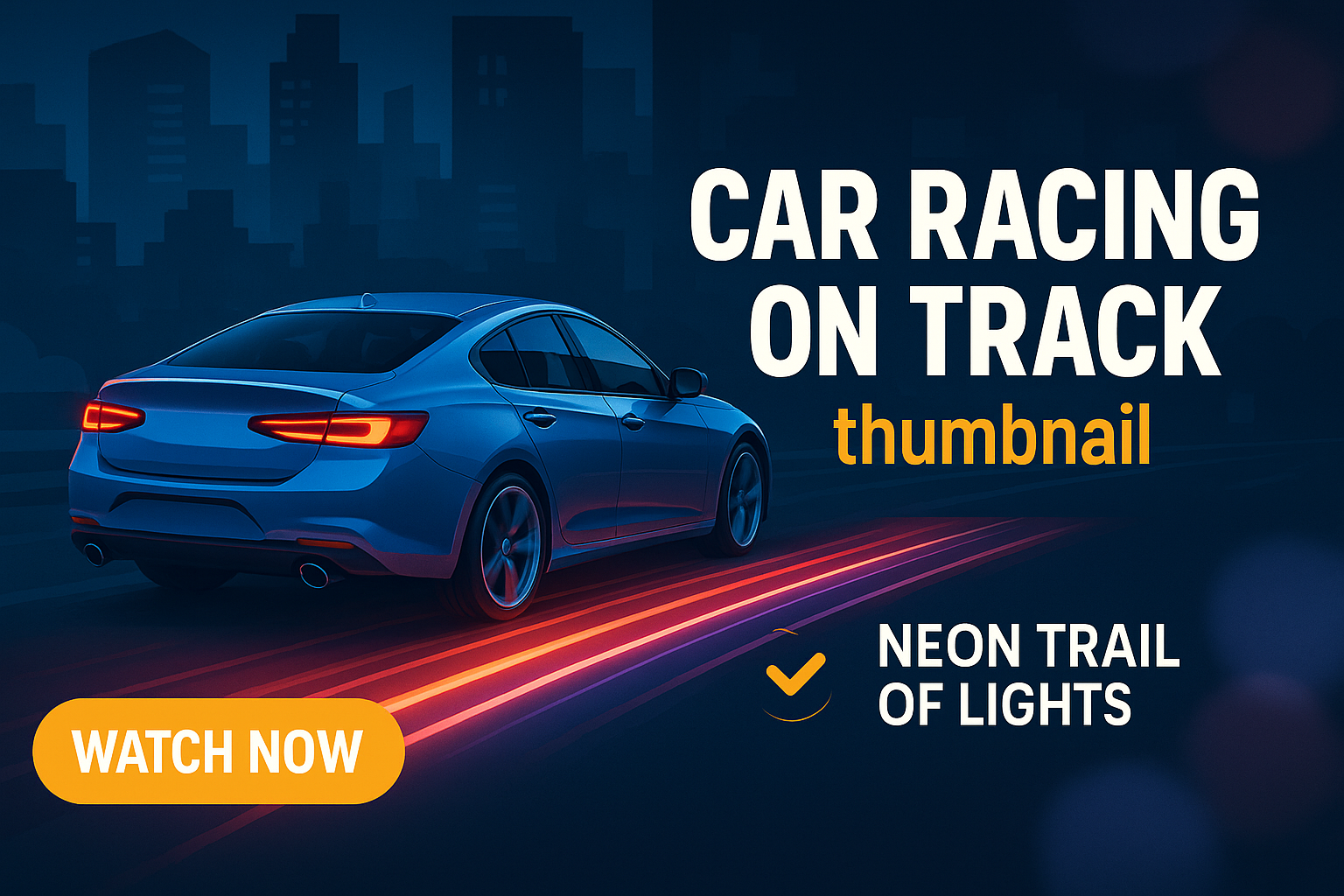 Vibrant thumbnail design featuring a car on a racetrack with neon light trails. Ideal for video content related to automotive racing, appealing to car enthusiasts.
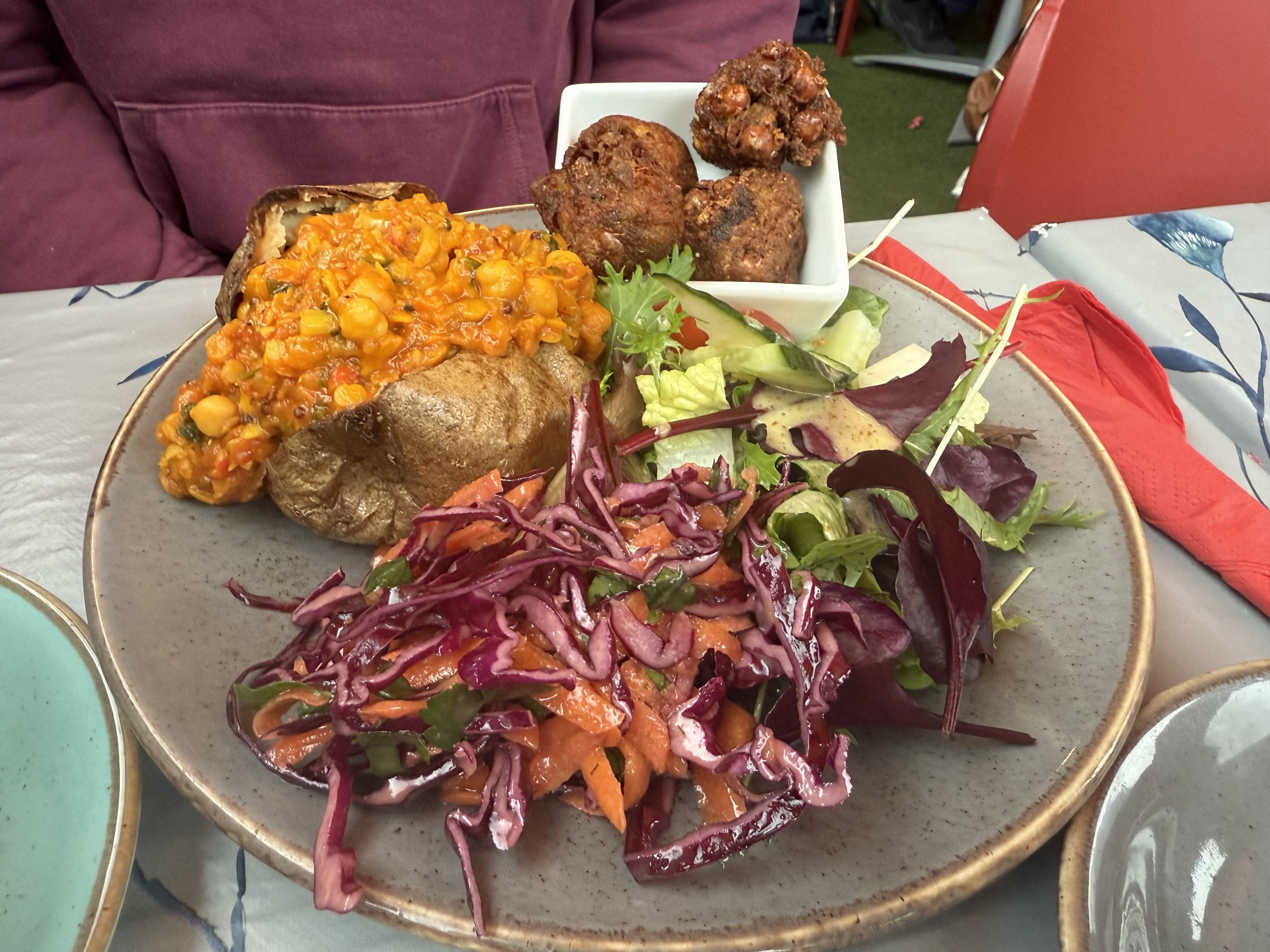 new vegan menu items at Coffee Sack! We both tried the new spiced dahl, on toast and on a jacket potato. It was well fit! I was saying to my wife, Coffee Sack is one of the only places where I'm never disappointed to see menu changes, cause every new thing they come up with is dee-lish
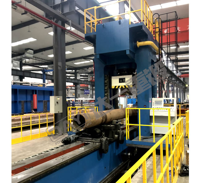 管材校直液壓機是針對大直徑無縫管校直工藝開發(fā)的校直專用設備,主要用于管材、棒材的校直工藝,同時可配置自動化測量機構。
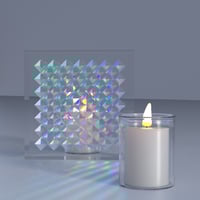 The set also includes a simple votive candle that can be placed behind the sculptures for a romantic touch.

Aim of the task - Pictures are to be left out; otherwise, retype exactly the lines from the first line of the data through the line containing "new vegan menu".

Reply to the task -
 Vibrant thumbnail design featuring a car on a racetrack with neon light trails. Ideal for video content related to automotive racing, appealing to car enthusiasts.
 new vegan menu items at Coffee Sack! We both tried the new spiced dahl, on toast and on a jacket potato. It was well fit! I was saying to my wife, Coffee Sack is one of the only places where I'm never disappointed to see menu changes, cause every new thing they come up with is dee-lish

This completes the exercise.